A wonderfully dark coming-of-age tale, this adaptation of the brilliant Ray Bradbury novel may have been a bit sanitized but it still had plenty of bite - and it tackled childhood fears in a way that was at the same time both hallucinatory and terribly real.

Jaws (1975, Steven Spielberg)

The movie that launched a thousand bedwettings, this one still owns me, and always will. Fuck you, Steven - and the oft-malfunctioning mechanical shark you rode in on.

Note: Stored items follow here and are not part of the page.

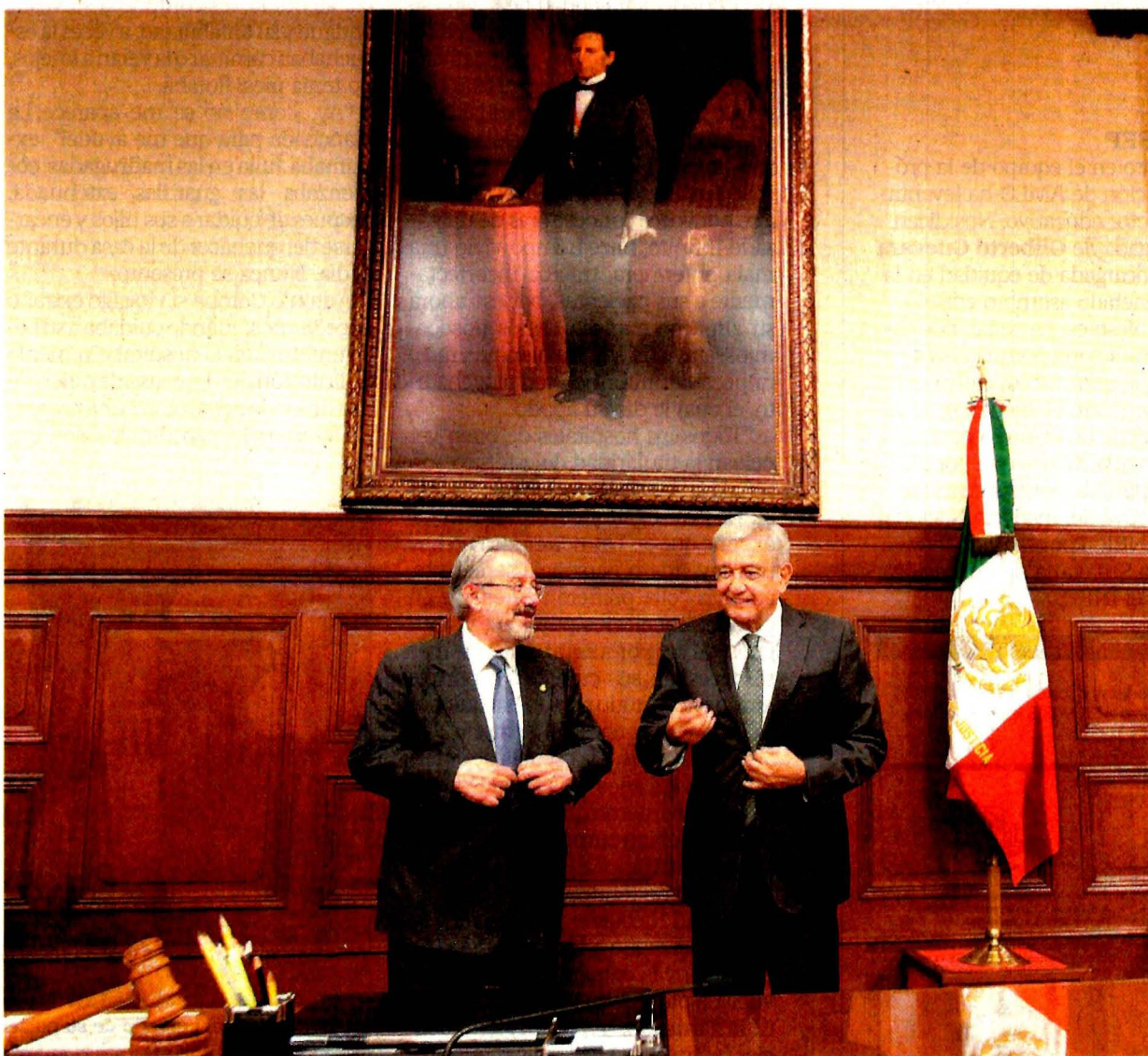
El ministro presidente de la Corte, Luis María Aguilar, y el presidente electo, Andrés Manuel López Obrador.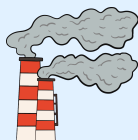
Contaminación del aire

Es crucial que las personas con asma mantengan un ambiente limpio tras el lavado de sábanas, la revisión de pestes y el uso de filtros de aire en el hogar.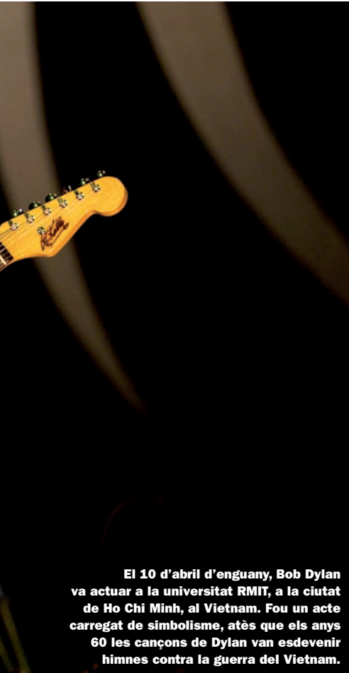
El 10 d'abril d'enguany, Bob Dylan va actuar a la universitat RMIT, a la ciutat de Ho Chi Minh, al Vietnam. Fou un acte carregat de simbolisme, atès que els anys 60 les cançons de Dylan van esdevenir himnes contra la guerra del Vietnam.

tats per a aconseguir un rosegó de pa, explicant els abusos i les desigualtats de la societat americana, en lluita incansable per un món millor. “No tinc casa, només sóc un rodamón, vaig de poble en poble, i ja no tinc casa en aquest món”, cantava Woody Guthrie. La nova fornada folk que pren el relleu són, però, més urbans i es mouen bàsicament als escenaris dels clubs de la gran capital i enregistren discos amb la voluntat d'arribar al màxim de gent possible. Bob Dylan es convertirà en l'enllaç entre les velles generacions i els joves que començaven a marcar les seves normes en el món de la música.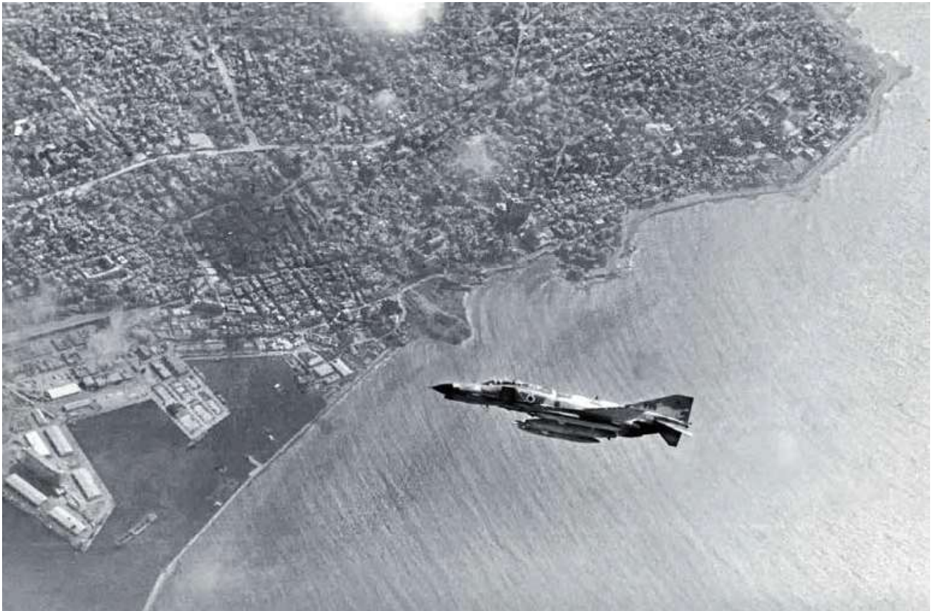
מטוס קורנס מעל נמל ביירות

למטה: מסוק קרב צפע (יואי קוברה) בתחתית העמוד: מטוס קרב שחק (מיראז' 3)

Other Special Guest Top 20(ish) lists:


dementia13 said...

I'd never heard of CampBlood, but now that I've read this, the name makes sense. Great list. I like the bit about Hellraiser: that movie's got a deep subtext of some seriously messed-up sexuality. And, Margot Kidder was not nice in Black Christmas, which was why I hated to see her get offed.

Hannah said...

Me neither...Yours is the only horror blog I read regularly, actually, since I get more tips than I can handle here anyway, but they've just gained a new reader. The site looks too cool to let concerns like "I'm already wasting 10x as much time as I have available on the internet" stop me!

spazmo said...

Great list, Buzz. You and Stacie are like my divorced internet parents - twice the presents ALL YEAR ROUND!

Amanda By Night said...

Oh man, how I love buzz and CampBlood (I even wrote some of the TV movie reviews for him). The thing about buzz, besides the fact he makes me snort coffee out of my nose cuz he's so funny (attractive, no?), is that he sees movies in ways other people don't. Read his review of Just Before Dawn to see what I mean. Of course, his list is fantastic! And I regret not having ANY Frank Henenlotter films on my list. Man is a genius!